Extracted records
►
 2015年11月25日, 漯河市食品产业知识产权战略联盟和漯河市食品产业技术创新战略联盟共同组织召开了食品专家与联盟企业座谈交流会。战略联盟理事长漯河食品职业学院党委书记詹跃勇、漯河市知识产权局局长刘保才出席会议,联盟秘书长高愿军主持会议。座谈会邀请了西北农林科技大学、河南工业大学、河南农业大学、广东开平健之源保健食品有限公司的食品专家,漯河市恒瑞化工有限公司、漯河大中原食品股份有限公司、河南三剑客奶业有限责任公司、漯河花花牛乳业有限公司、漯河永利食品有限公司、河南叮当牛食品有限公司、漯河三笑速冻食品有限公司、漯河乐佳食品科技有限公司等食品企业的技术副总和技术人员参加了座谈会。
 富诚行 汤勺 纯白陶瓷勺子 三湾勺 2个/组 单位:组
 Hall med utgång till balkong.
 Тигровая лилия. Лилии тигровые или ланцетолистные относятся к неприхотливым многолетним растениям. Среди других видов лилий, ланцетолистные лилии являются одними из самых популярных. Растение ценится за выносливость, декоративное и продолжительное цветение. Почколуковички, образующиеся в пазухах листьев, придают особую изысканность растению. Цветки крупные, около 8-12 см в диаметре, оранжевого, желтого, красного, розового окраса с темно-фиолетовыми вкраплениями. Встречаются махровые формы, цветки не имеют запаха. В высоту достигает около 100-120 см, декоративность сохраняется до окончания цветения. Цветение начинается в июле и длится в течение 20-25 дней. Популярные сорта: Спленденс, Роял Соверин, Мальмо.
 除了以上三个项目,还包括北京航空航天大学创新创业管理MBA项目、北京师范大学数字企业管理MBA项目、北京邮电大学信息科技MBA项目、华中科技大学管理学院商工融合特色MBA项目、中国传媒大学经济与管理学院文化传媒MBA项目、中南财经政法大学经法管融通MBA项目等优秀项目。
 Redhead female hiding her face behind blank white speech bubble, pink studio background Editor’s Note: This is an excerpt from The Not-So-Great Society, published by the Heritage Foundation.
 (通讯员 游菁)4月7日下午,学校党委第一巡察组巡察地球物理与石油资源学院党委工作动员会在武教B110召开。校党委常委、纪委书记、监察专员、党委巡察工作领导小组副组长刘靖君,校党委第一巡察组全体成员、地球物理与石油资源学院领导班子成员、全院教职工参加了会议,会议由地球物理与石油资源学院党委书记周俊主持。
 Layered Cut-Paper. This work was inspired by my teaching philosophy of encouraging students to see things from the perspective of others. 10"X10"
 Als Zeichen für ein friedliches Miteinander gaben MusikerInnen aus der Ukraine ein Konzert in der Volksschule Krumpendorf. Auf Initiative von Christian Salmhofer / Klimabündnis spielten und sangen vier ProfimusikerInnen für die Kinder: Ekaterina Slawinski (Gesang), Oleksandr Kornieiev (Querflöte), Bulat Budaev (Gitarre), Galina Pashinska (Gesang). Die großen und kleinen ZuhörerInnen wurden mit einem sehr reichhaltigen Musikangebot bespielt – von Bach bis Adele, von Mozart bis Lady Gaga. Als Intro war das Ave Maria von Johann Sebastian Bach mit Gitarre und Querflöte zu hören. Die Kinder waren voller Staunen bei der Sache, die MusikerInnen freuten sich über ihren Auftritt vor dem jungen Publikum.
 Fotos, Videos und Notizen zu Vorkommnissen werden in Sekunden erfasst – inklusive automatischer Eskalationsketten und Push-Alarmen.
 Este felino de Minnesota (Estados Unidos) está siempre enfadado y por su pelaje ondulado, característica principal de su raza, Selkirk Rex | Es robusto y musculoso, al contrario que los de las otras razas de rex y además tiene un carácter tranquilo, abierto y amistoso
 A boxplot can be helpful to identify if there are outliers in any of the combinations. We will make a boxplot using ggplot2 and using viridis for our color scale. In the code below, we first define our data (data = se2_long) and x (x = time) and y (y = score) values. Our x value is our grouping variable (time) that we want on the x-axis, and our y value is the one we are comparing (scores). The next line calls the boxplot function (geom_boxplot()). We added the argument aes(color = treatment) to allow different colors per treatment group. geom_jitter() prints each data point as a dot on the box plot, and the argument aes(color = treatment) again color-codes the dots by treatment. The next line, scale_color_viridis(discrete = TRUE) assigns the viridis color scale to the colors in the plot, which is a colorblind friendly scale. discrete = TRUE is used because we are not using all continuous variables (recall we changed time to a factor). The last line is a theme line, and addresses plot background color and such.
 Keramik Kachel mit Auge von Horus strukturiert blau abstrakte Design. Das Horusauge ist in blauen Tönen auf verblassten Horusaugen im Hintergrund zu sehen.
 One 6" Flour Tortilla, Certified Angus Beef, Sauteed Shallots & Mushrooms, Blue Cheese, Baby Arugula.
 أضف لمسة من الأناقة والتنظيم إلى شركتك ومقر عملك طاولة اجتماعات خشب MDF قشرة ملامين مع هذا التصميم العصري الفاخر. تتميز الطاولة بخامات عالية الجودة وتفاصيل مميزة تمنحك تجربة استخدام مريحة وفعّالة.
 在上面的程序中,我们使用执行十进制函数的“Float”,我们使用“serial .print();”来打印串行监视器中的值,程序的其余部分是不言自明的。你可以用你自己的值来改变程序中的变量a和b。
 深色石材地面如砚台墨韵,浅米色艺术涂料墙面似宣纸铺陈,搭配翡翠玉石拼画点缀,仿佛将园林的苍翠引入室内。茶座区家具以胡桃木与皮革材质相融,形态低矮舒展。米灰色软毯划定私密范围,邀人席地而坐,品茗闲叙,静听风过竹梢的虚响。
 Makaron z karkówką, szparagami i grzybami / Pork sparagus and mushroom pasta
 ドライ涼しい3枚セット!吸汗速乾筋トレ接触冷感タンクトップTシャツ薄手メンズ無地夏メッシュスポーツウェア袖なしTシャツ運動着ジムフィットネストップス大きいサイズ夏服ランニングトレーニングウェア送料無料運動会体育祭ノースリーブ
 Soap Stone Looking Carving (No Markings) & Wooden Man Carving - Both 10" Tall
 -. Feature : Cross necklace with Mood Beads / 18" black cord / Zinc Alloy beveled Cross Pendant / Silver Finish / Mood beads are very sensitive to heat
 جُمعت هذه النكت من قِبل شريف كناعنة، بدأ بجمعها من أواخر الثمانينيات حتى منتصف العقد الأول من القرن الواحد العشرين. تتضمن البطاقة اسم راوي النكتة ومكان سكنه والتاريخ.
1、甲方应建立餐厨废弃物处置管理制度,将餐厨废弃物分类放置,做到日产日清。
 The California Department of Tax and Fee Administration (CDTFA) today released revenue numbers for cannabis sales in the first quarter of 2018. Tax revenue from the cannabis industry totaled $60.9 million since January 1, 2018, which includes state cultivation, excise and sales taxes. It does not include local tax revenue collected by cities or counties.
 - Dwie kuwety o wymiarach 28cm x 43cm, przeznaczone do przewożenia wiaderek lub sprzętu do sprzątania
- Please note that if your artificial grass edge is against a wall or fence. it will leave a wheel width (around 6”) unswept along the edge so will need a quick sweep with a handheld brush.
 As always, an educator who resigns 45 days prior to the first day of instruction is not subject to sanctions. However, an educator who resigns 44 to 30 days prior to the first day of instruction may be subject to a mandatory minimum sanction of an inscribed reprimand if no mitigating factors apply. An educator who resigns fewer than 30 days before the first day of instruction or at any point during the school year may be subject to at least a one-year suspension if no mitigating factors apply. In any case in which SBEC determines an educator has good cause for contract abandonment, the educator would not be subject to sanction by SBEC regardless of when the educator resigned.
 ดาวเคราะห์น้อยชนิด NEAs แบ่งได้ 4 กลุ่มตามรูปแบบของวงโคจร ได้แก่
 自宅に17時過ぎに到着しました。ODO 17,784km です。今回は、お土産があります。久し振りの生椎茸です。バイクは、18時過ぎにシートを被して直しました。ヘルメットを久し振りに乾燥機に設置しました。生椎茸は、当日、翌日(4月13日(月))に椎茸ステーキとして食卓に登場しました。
◄
### Work required
Gather each line in the entries above where the string "with" is found.

### Expected output
 -. Feature : Cross necklace with Mood Beads / 18" black cord / Zinc Alloy beveled Cross Pendant / Silver Finish / Mood beads are very sensitive to heat
- Please note that if your artificial grass edge is against a wall or fence. it will leave a wheel width (around 6”) unswept along the edge so will need a quick sweep with a handheld brush.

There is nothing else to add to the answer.